- **DATA SHOWN**
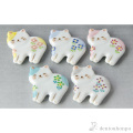 愛らしい猫の姿に、摘みたての可憐な小花をあしらいました。にこやかな表情にも心癒される箸置です。
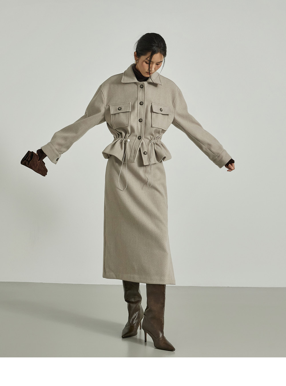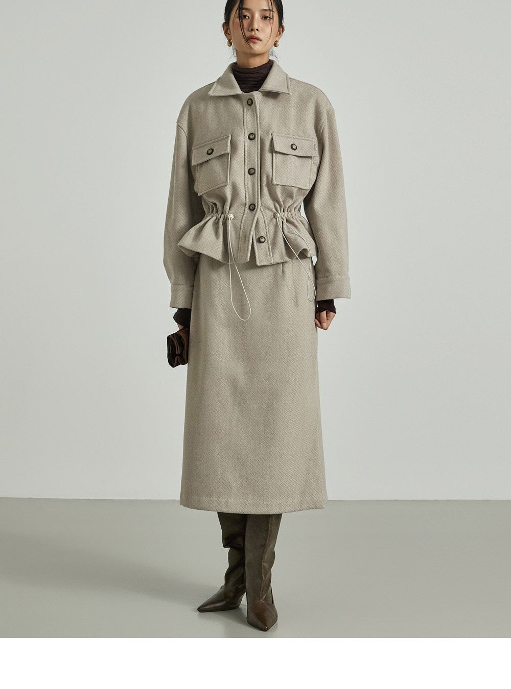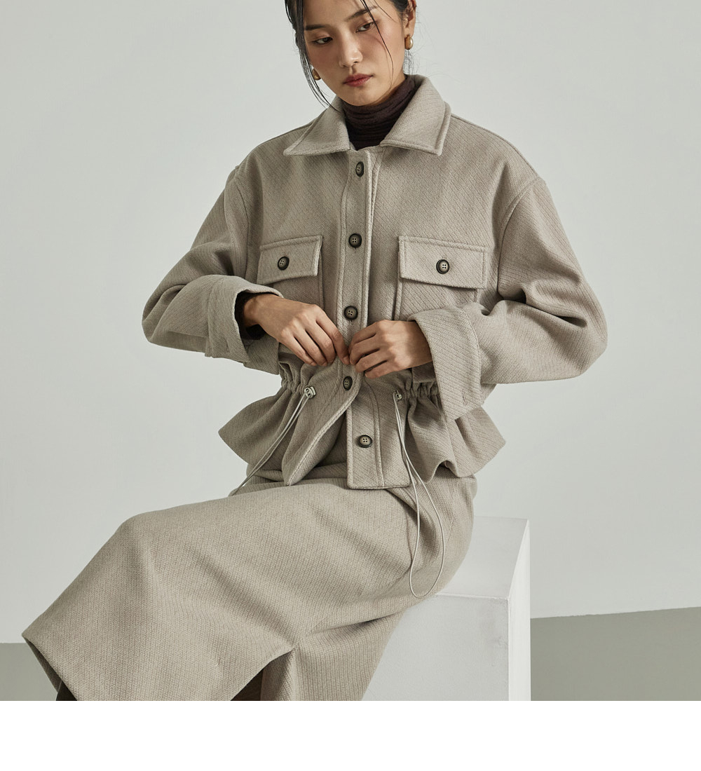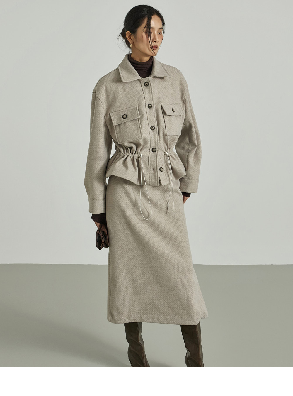 模特身高173CM,夹克穿ONE尺码,裙子穿S尺码,颜色为BEIGE。
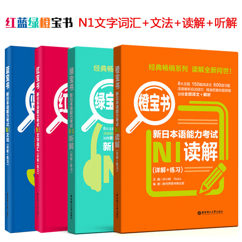 Новый японский экзамен n1 Red Treasure Book+Sapphire Book+Book Orange Treasure Book+Lvbao Книга 4 тома 4 Книга Восточно -Китайского университета Технологии Пресс N1 Слова текстовая грамматика.
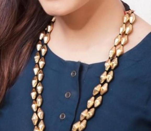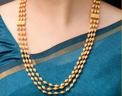 अशी तीनपदरी माळही खूप कमी सोन्यामध्ये तयार होते आणि शिवाय ती वजनानेही खूप हलकी असते.
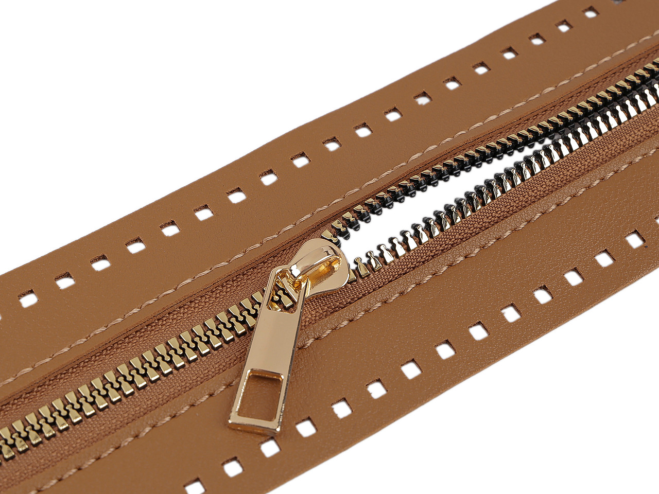 Zip vsadený do podkladu z eko kože využijete na kabelky, tašky, puzdrá aj batohy. Je vhodný na šité, pletené aj háčkované výrobky. Môžete ho použiť ako hlavné zapínanie alebo na vnútorné a bočné vrecká. Rozmery štvorčekov sú 3 x 3 mm. Dĺžka zipsu je 21,5 cm. Šírka zúbkov je 6 mm.
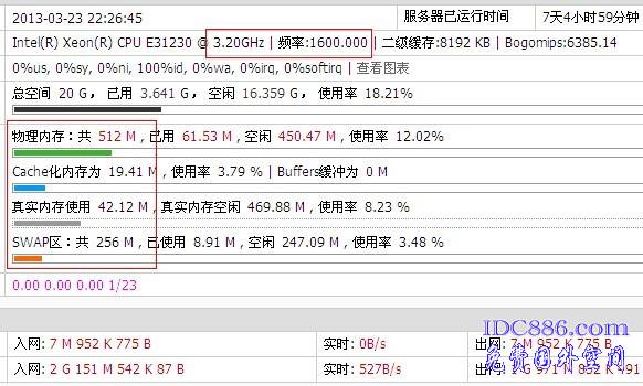 现在真实内存 512M, 再启用了SWAP区:共 256 M ,  以前是直接给768M的。
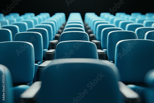 Fototapeta premium Rows of blue theater seats arranged in a symmetrical pattern
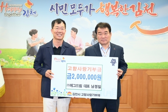 | 농소면 ㈜에그드림(대표 남정일)은 지난 6월 8일 고향사랑기부제의 안정적인 정착과 기부를 통한 애향심 고취를 위해 김천시에 고향사랑기부금 200만 원을 냈다.
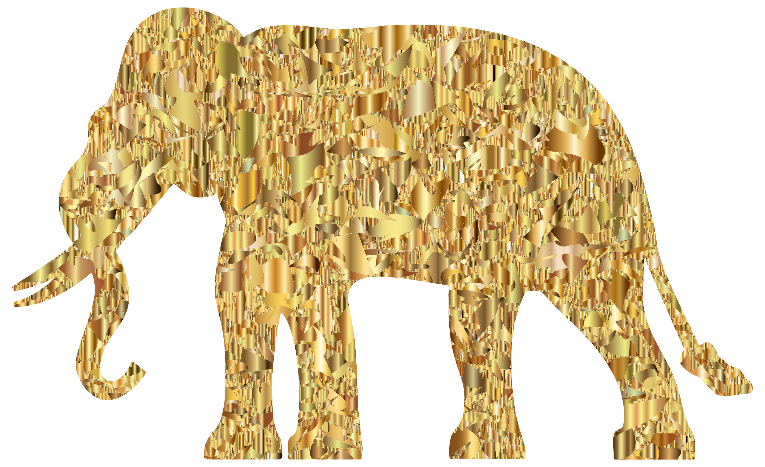 This features a large, golden elephant standing on all fours and facing left. It is made up of numerous gold pieces that are arranged to form the shape of an elephant. These gold pieces create a visually striking representation of this majestic creature. The intricate design of the elephant's body showcases its unique features, making it an impressive piece of artwork.
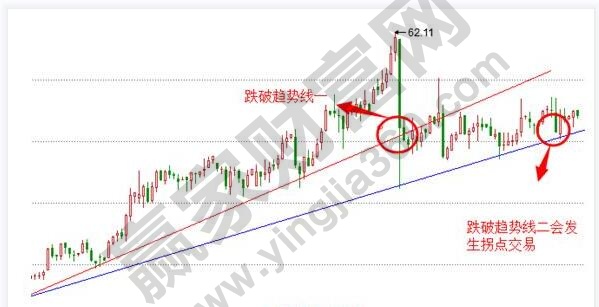 這種方法有兩種情況,一種是上漲過(guò)程中,可以將相鄰的兩個(gè)低點(diǎn)連接,形成趨勢(shì)線,如果過(guò)快上漲,乖離率變化,那么回調(diào)的幾率會(huì)出現(xiàn),這時(shí)候,價(jià)格可能跌破我們畫(huà)的趨勢(shì)線。如果說(shuō)多頭動(dòng)能再次向上反彈,沒(méi)有衰竭,那么就是震蕩行情,可能形成趨勢(shì)線二。
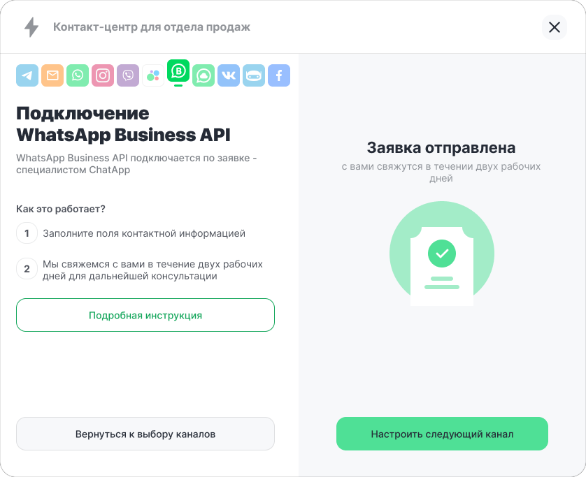 система предложит настроить с подробной инструкцией.Для подключения WhatsApp Business API должны быть:
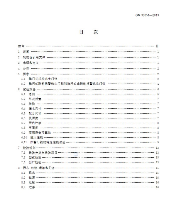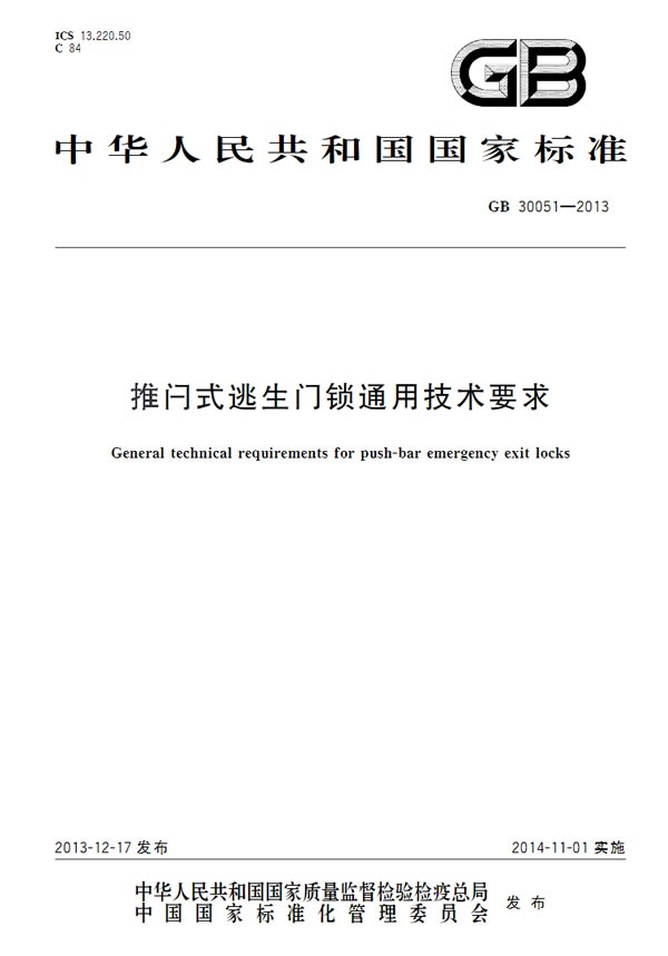 推閂式逃生門鎖通用技術要求GB 30051-2013
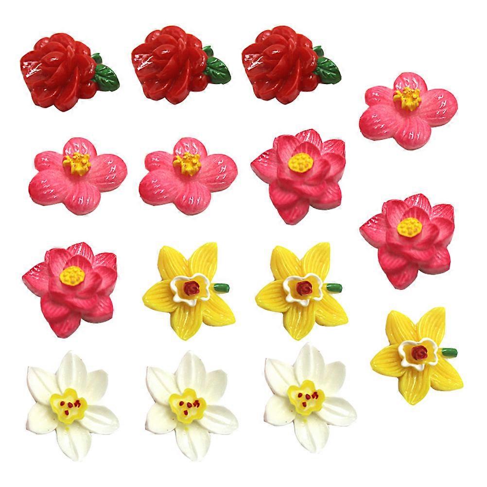 15pcs Mini Resin Flower Accessories for DIY Micro Landscape Decor, Creative Headdress & Moss Art Crafts, Lifelike Indoor Outdoor Decoration
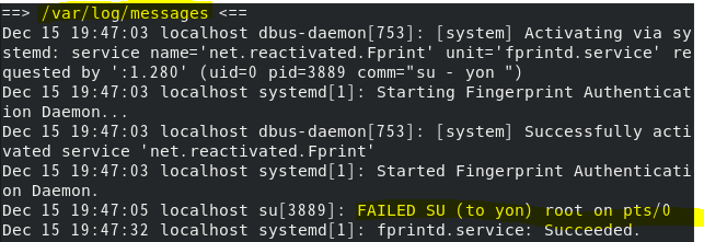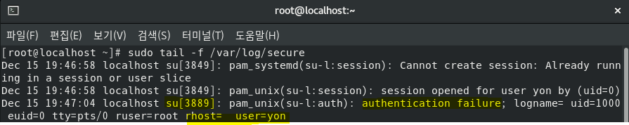 ์ฌ์ฉ์ yon์ ๋ํ su ์ธ์ฆ์ ์ผ๋ถ๋ฌ ์คํจํ ๋ค messages ๋ก๊ทธ๋ฅผ tail๋ก ์ดํด๋ณด๋ฉด FAILED SU (to yon) ์ ํ์ธํ ์ ์์
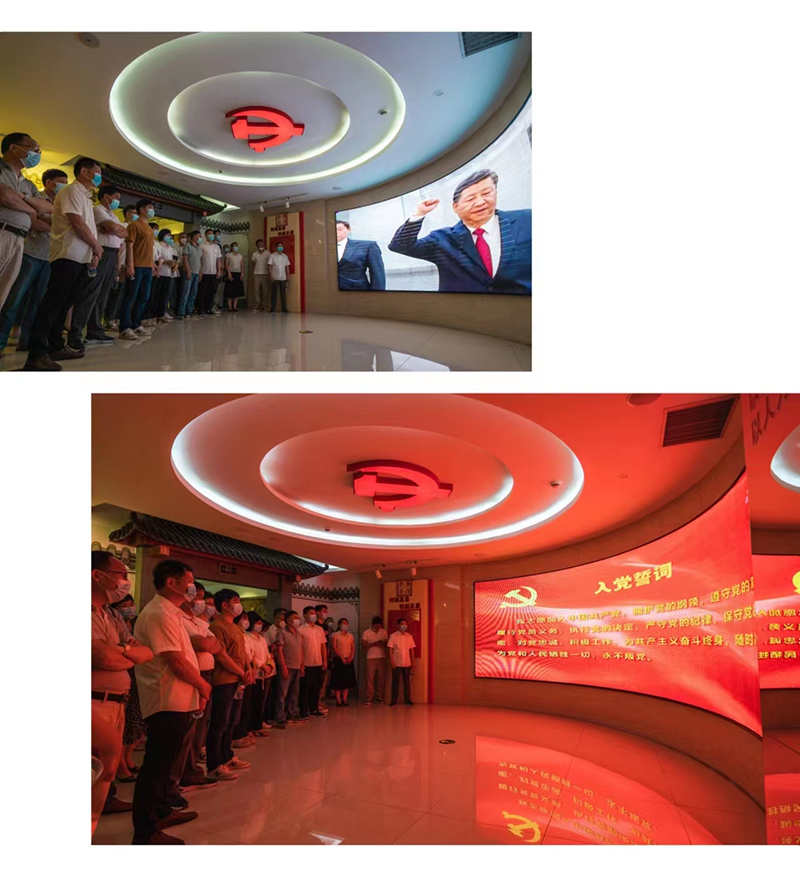 在讲解员的引领下,首先大家一起观看了习近平主席重温入党誓词,铿锵誓词,仿佛一记记重锤,敲击着每一位的心灵,让同行的党员们深深感受到党员的责任、使命和荣耀,同时在思想上再次受到了洗礼和升华。
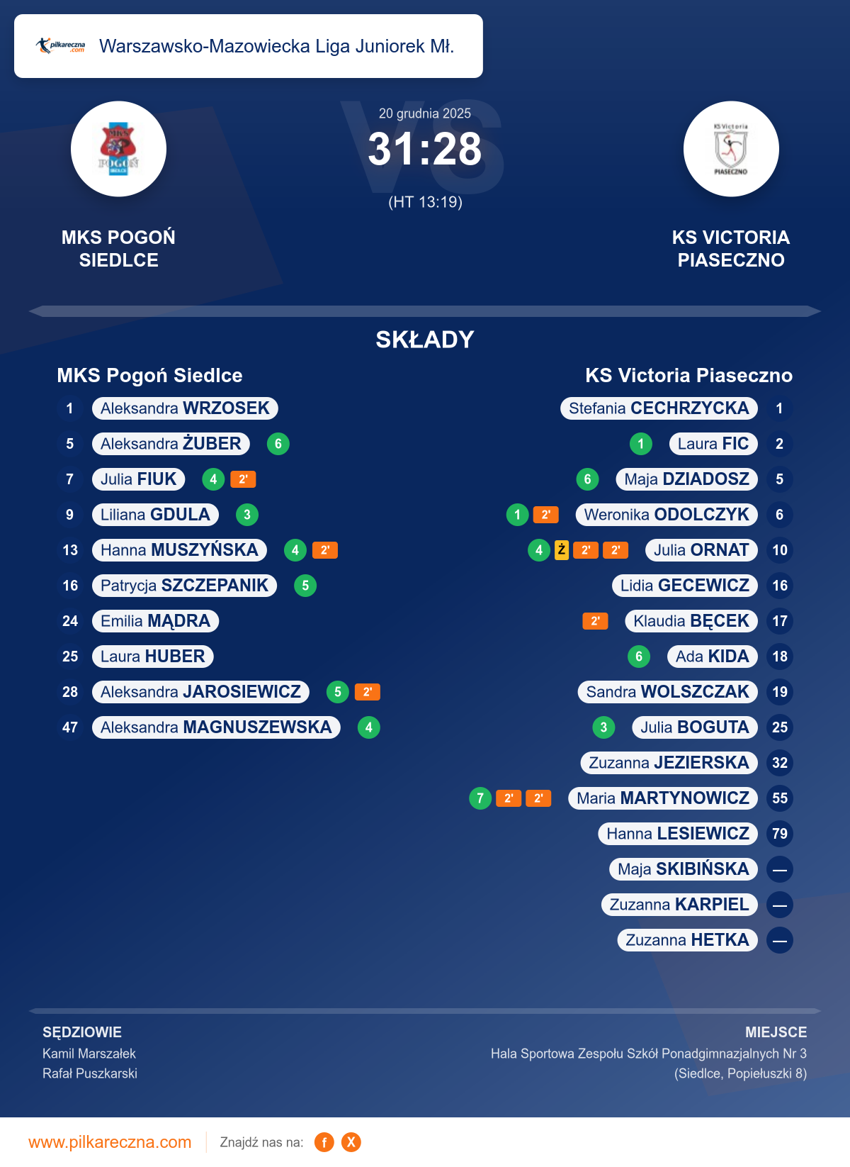 Sędziowali: Kamil Marszałek, Rafał Puszkarski

- **WORK INSTRUCTIONS**
Leaving pictures out, output the lines of the data above from the one with "Fototapeta premium Rows" through the one with "200만 원을 냈다.", word for word.

- **ANSWER FOR THIS EXERCISE**
 Fototapeta premium Rows of blue theater seats arranged in a symmetrical pattern
 | 농소면 ㈜에그드림(대표 남정일)은 지난 6월 8일 고향사랑기부제의 안정적인 정착과 기부를 통한 애향심 고취를 위해 김천시에 고향사랑기부금 200만 원을 냈다.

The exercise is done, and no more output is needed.